L’influence grecque, voire d’autres civilisations orientales, est à l’origine de la construction de sanctuaires et de l’introduction de nouvelles pratiques funéraires : l’incinération des corps, pourtant pratiquée localement en Europe depuis le Mésolithique, signifierait pour l’auteur la croyance en la transmigration de l’âme, qui révéleraient l’abandon de croyances archaïques, lesquelles présupposaient la survie de l’individu dans son enveloppe charnelle dans un au-delà chthonien mal défini (les Celtes attachaient de l’importance aux marécages, espaces intermédiaires incertains, un monde terrestre et aquatique, permettant d’accéder à un autre monde). Les Gaulois croyaient également en une « apocalypse », une fin de l’humanité provoquée par un cataclysme majeur : la chute de la voûte céleste.

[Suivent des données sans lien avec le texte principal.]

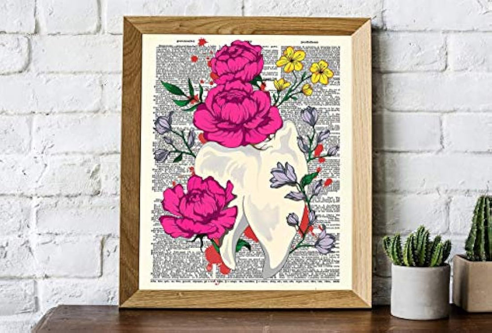cartel de decoración de diente con flores sin marco está agotado y se enviará tan pronto como vuelva a estar disponible.
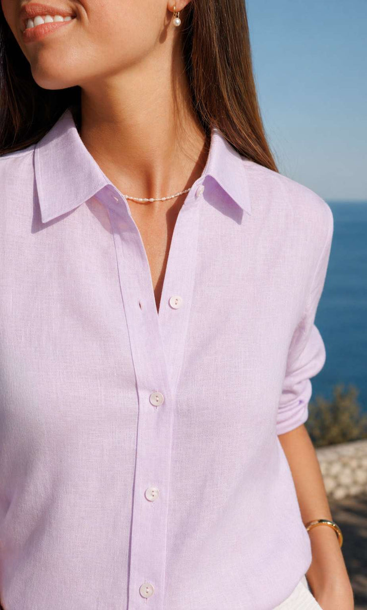 A true Italian beauty, born of savoir-faire, this sophisticated linen shirt embodies the essence of summer elegance and versatility. Expertly crafted in Italy for the discerning modern woman who deserves nothing but the best, it offers supreme breathability and a refined touch, perfect for all your summer escapes.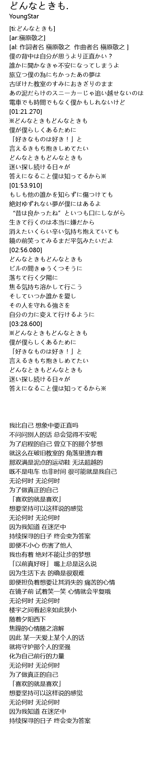 | [01:13.580] | 電車でも時間でもなく僕かもしれないけど |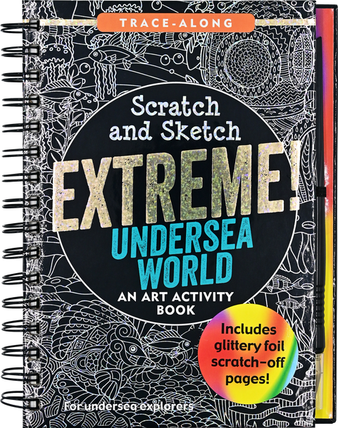 Artists ages 8 and up will go wild with Scratch and Sketch Extreme! Undersea World! Use the super-fine stylus included to trace the white lines on each black-coated page, uncovering undersea art that sparkles and shines. Scratch and Sketch: Extreme! art activity book is packed with oceanic subjects, from sharks to shipwrecks! The right-hand, black-coated pages feature intricate art for tracing to reveal brilliant golds, silvers, greens, or rainbow glitter beneath. Left-hand pages are coloring pages, ready for you to get creative with markers or colored pencils.

Les espaces sacrés et les lieux de cultes, en particulier les sanctuaires, témoignent d’une spiritualité foisonnante et de l’importance des rites guerriers dans les sociétés gauloises. La décollation pratiquées sur les corps des ennemis vaincus (peut-être pour se prévenir d’une vengeance post-mortem du mort, mais aussi comme trophée témoignage du courage sur le champ de bataille), voire le suicide collectif des « soldures », combattants et clients d’un grand chef, après la mort de celui-ci soulignent l’extrême importance de l’honneur dans la société guerrière celtique. Le sanctuaire de Ribemont-sur-Ancre a été érigé sur le site d’un affrontement qui aurait eu lieu vers -260 av. JC, à l’endroit exact où les guerriers gaulois auraient cédé face aux troupes d’invasion belges, à l’emplacement où une divinité serait intervenue pour offrir la victoire. Ce lieu a été immédiatement transformé en un espace sacré destiné à honorer les morts du camp des vainqueurs et à glorifier, ceux qui d’entre-eux ont survécu. Ces derniers s’octroyaient les crânes des vaincus : le reste des corps et de leur armement revenaient aux dieux. La bataille était vécue comme une ordalie, les morts étaient des victimes sacrificielles et leurs armes une offrande….

Le livre de Jean-Louis Bruneaux est probablement à ce jour l’étude la plus objective sur ce sujet.

Jean-Louis Bruneaux, Les religions gauloiseséditions du Centre national de la recherche scientifique (collection Biblis), 480 pages, 12€.